*** The data ***
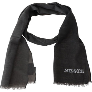 Missoni Gray Wool Unisex Neck Wrap Shawl Fringes Logo Scarf
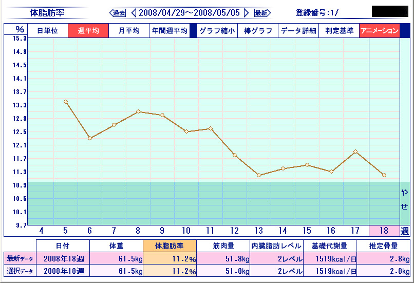 体重は、3月にいったん落ちたものの、4月に元に戻ってしまったことがはっきり分かる。それと比べると、体脂肪率は着実に落ちている・・・ということでいいよね?
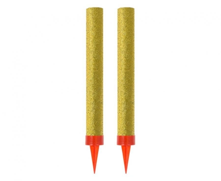 FONTANNY PARTY HOLOGRAFICZNE Ilość: 2 sztuki Wysokość: 12 cm Czas palenia ok. 40 sekund Kolor fontanny: złoty zawartość prochu: 4,5g/ 1 szt.
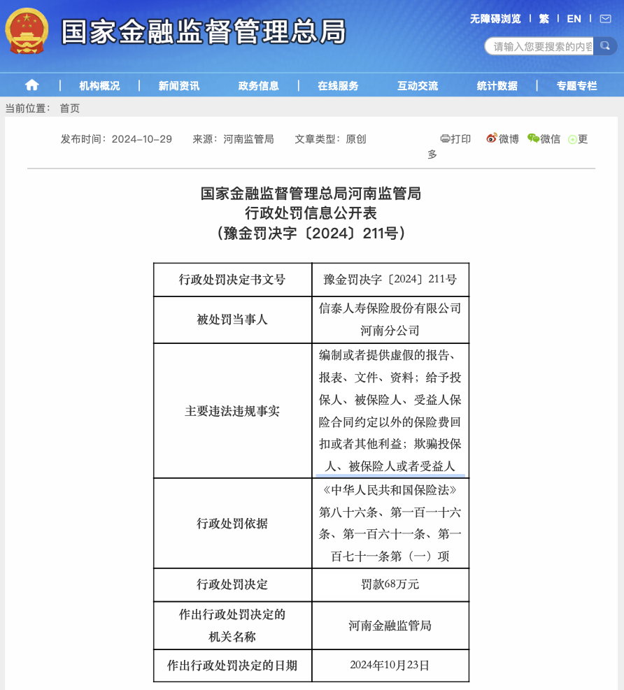 10月30日,国家金融监督管理总局河南监管局行政处罚信息公开表显示,信泰人寿保险股份有限公司河南分公司被罚款68万元。主要违法违规事实为:编制或者提供虚假的报告、报表、文件、资料;给予投保人、被保险人、受益人保险合同约定以外的保险费回扣或者其他利益;欺骗投保人、被保险人或者受益人。
*** End of The data ***
What this task involves: Copy exactly the lines from the line holding "FONTANNY PARTY HOLOGRAFICZNE" to the final line of the listing, and leave the pictures out.

Output for this task:
 FONTANNY PARTY HOLOGRAFICZNE Ilość: 2 sztuki Wysokość: 12 cm Czas palenia ok. 40 sekund Kolor fontanny: złoty zawartość prochu: 4,5g/ 1 szt.
 10月30日,国家金融监督管理总局河南监管局行政处罚信息公开表显示,信泰人寿保险股份有限公司河南分公司被罚款68万元。主要违法违规事实为:编制或者提供虚假的报告、报表、文件、资料;给予投保人、被保险人、受益人保险合同约定以外的保险费回扣或者其他利益;欺骗投保人、被保险人或者受益人。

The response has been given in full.